There are several errors in your code. Consider this (I put comments where corrections were needed)
n=0;
eps=1;
a=0.1; %You need a way smaller parameter to converge!
x=[1;1];
A = [6 -3/2 ; -3/2 8]; %You have a bilinear positive definite form,
%you may use matrix form for convenience
while eps>1e-12 && n<100 %You had wrong termination conditions!!
gradf=2*A*x; %(gradf in terms of matrix)
f=x'*A*x; %you need to update f every iteration!!
eps=(norm(gradf)/(1+abs(f)))
disp(eps > 1e-12)
x=x-a*gradf;
%Now you can see the orbit towards minimum
plot(x(1),x(2),'o'); hold on
n=n+1;
end
n
x
eps
for instance with the current value a=.1 I get
n = 100
eps = 1.2308e-011
x =
1.0e-012 *
-0.2509
0.4688
That is I had to perform 100 iteration because my epsilon is still above the threshold. If I allow 200 iterations I get
n = 110
eps =
7.9705e-013
x =
1.0e-013 *
-0.1625
0.3036
I.e. 110 iterations are sufficient.
Case of a general f (i.e. not a quadratic form).
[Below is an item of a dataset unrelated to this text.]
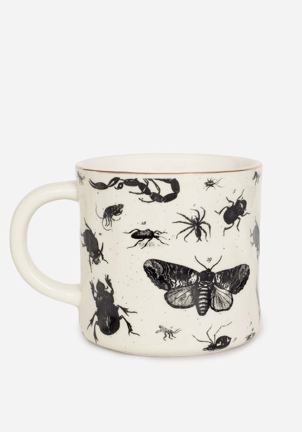 - White ceramic bugs print mug - Black Parasite bug print with gold foil rim - 'Hand-wrought' finish gives an organic feel & worn-in vibe - Slightly flared lip for sipping - Comfortable handle for gripping - Cue the, “There’s a fly in my drink!” jokes Hand wash onlyDo not microwaveDue to the nature of the glazing process, each item is unique and results may vary. Dimensions:10cm x 9.5cm

You can use, for instance, function handles, i.e. you define (before the while)
foo = @(x) 6*x(1)^2+8*x(2)^2-3*x(1)*x(2);
foo_x = @(x) 12*x(1)-3*x(2);
foo_y = @(x) 16*x(2)-3*x(1);
then, in the while you substitute
gradf = [foo_x(x);foo_y(x)];
f = foo(x);
P.S. for what concerns the while cycle, please keep in mind that you keep on iterating while you are not satisfied with your precision (eps>1e-12) AND your total number of iteration is below a given threshold (n<100).
Consider also that you are working in finite precision: a numerical algorithm can never reach the analytic solution (i.e. what you have with infinite precision and infinite iterations), therefore, you always have to set a threshold (eps, which should be above the machine precision \approx1e-16) and that is your 0.